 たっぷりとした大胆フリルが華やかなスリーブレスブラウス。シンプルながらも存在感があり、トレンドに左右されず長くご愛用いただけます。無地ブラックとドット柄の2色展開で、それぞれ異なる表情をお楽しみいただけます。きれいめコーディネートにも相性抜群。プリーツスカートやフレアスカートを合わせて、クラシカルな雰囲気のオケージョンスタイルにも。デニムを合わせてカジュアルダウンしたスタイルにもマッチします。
---
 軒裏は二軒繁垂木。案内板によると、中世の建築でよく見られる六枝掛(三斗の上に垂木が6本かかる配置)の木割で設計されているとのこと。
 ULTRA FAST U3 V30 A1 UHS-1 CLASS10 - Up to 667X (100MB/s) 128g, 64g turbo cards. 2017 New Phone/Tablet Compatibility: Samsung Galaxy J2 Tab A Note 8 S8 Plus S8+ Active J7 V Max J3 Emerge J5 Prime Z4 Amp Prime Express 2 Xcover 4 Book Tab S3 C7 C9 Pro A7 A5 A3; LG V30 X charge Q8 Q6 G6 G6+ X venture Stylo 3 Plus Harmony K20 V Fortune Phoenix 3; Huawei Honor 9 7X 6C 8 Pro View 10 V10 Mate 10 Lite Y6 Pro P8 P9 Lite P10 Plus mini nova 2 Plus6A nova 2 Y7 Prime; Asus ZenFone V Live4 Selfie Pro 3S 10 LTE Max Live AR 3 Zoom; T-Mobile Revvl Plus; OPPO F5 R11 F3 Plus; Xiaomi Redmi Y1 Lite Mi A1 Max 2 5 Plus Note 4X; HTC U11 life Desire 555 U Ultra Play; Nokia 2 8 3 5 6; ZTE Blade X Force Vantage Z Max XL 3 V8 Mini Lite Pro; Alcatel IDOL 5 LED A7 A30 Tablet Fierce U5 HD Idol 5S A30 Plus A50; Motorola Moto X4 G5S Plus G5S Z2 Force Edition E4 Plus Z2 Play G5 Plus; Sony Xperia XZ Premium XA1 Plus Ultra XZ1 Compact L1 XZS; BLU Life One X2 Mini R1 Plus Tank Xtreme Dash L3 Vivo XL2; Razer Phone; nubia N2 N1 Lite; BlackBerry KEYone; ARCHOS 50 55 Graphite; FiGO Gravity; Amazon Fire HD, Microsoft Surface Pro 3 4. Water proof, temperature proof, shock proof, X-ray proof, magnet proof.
...
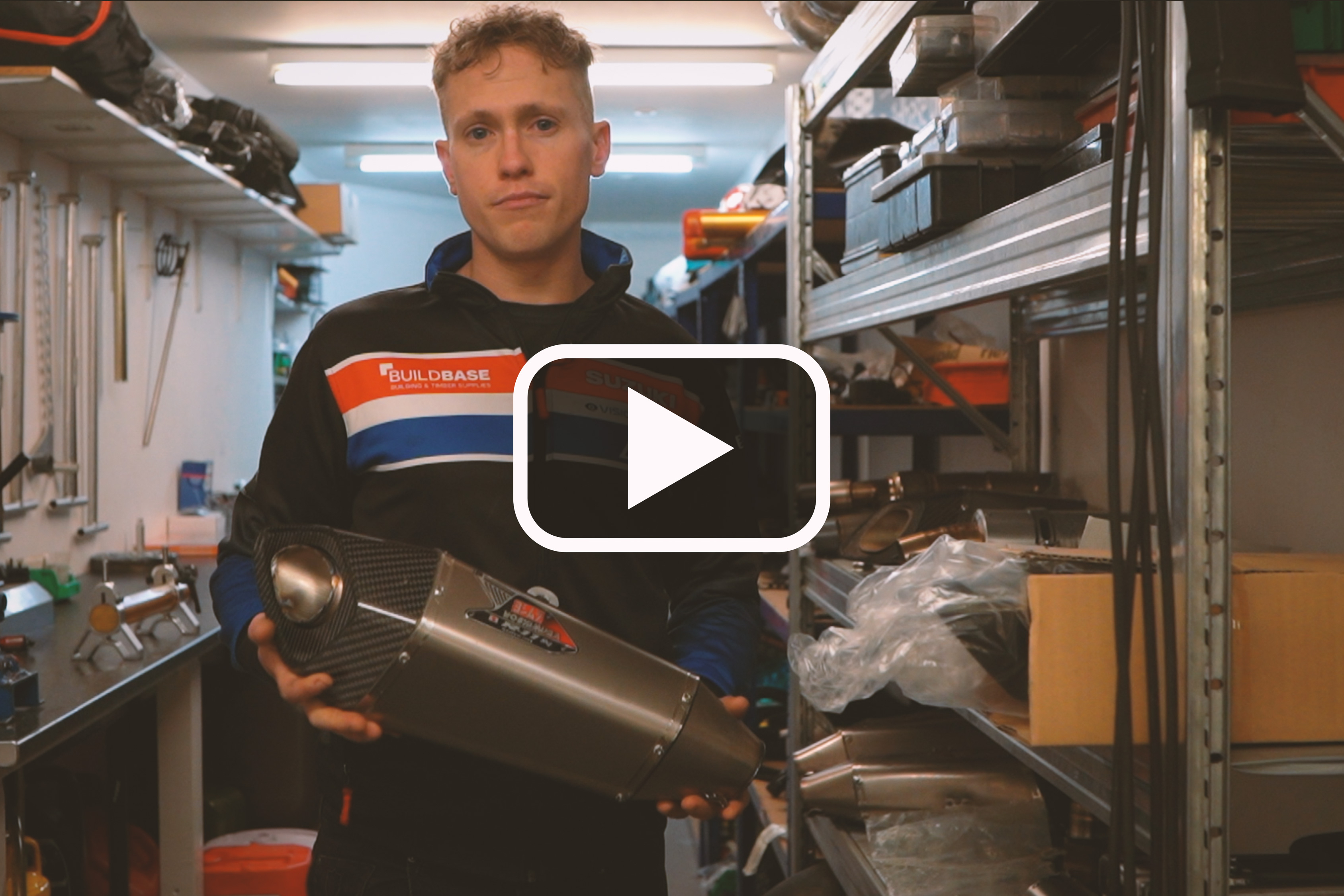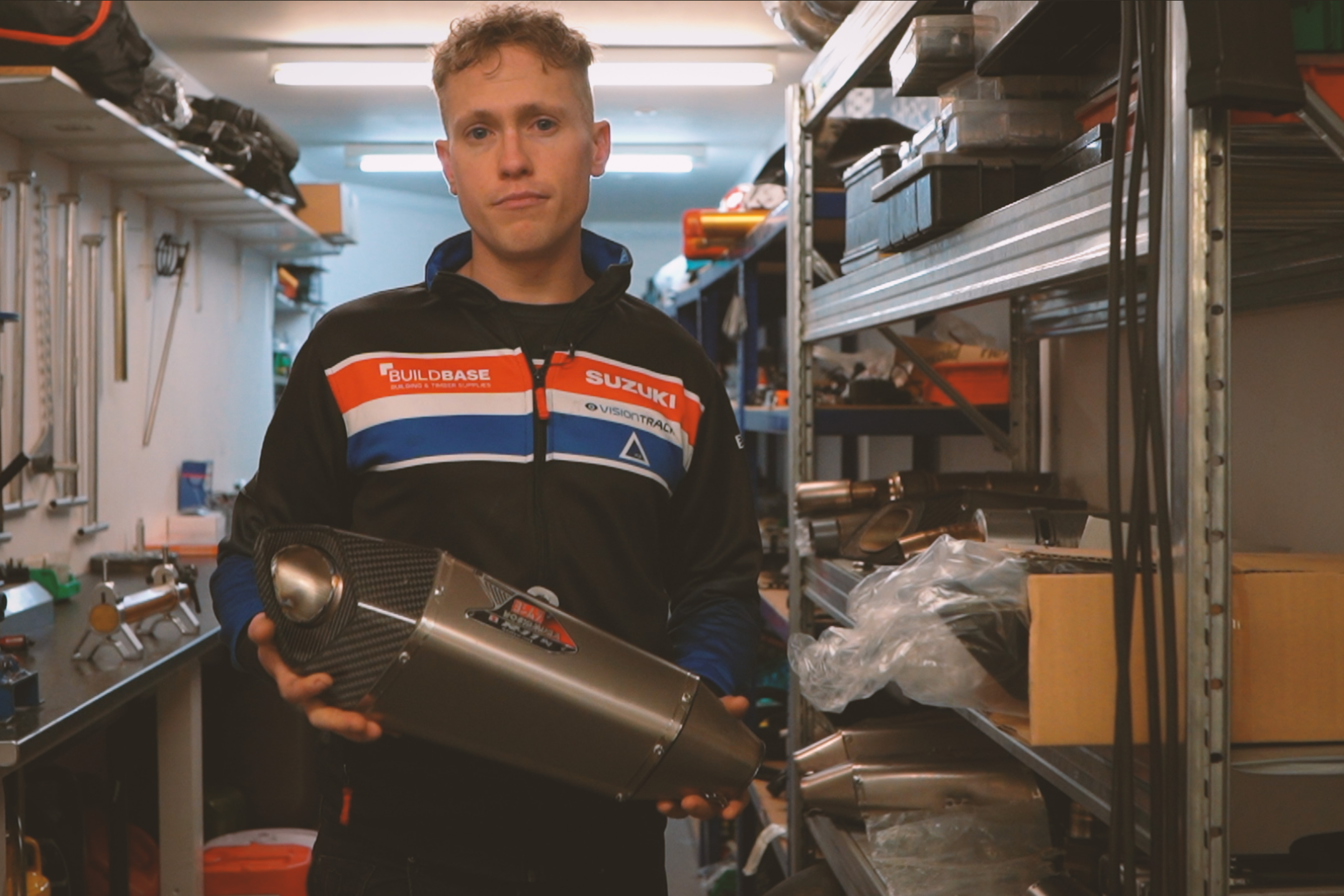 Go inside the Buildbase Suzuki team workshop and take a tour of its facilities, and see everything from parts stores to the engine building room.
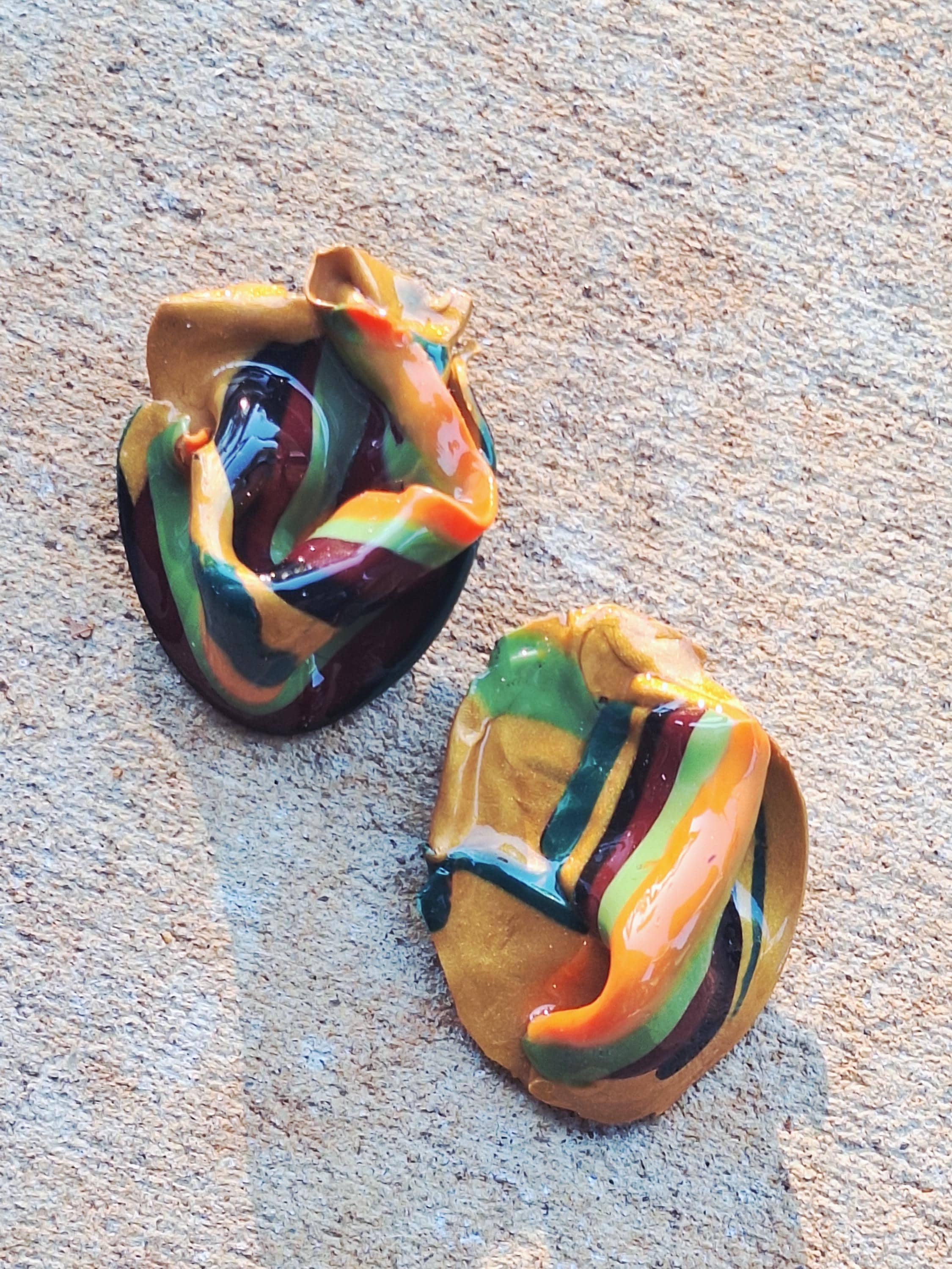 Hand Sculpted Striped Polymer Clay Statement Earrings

_What is being asked_
Skipping the pictures, print the lines in the listing above exactly as written, starting at the line with "Go inside the" and ending at the line with "Hand Sculpted Striped", both included.

_Exercise result_
 Go inside the Buildbase Suzuki team workshop and take a tour of its facilities, and see everything from parts stores to the engine building room.
 Hand Sculpted Striped Polymer Clay Statement Earrings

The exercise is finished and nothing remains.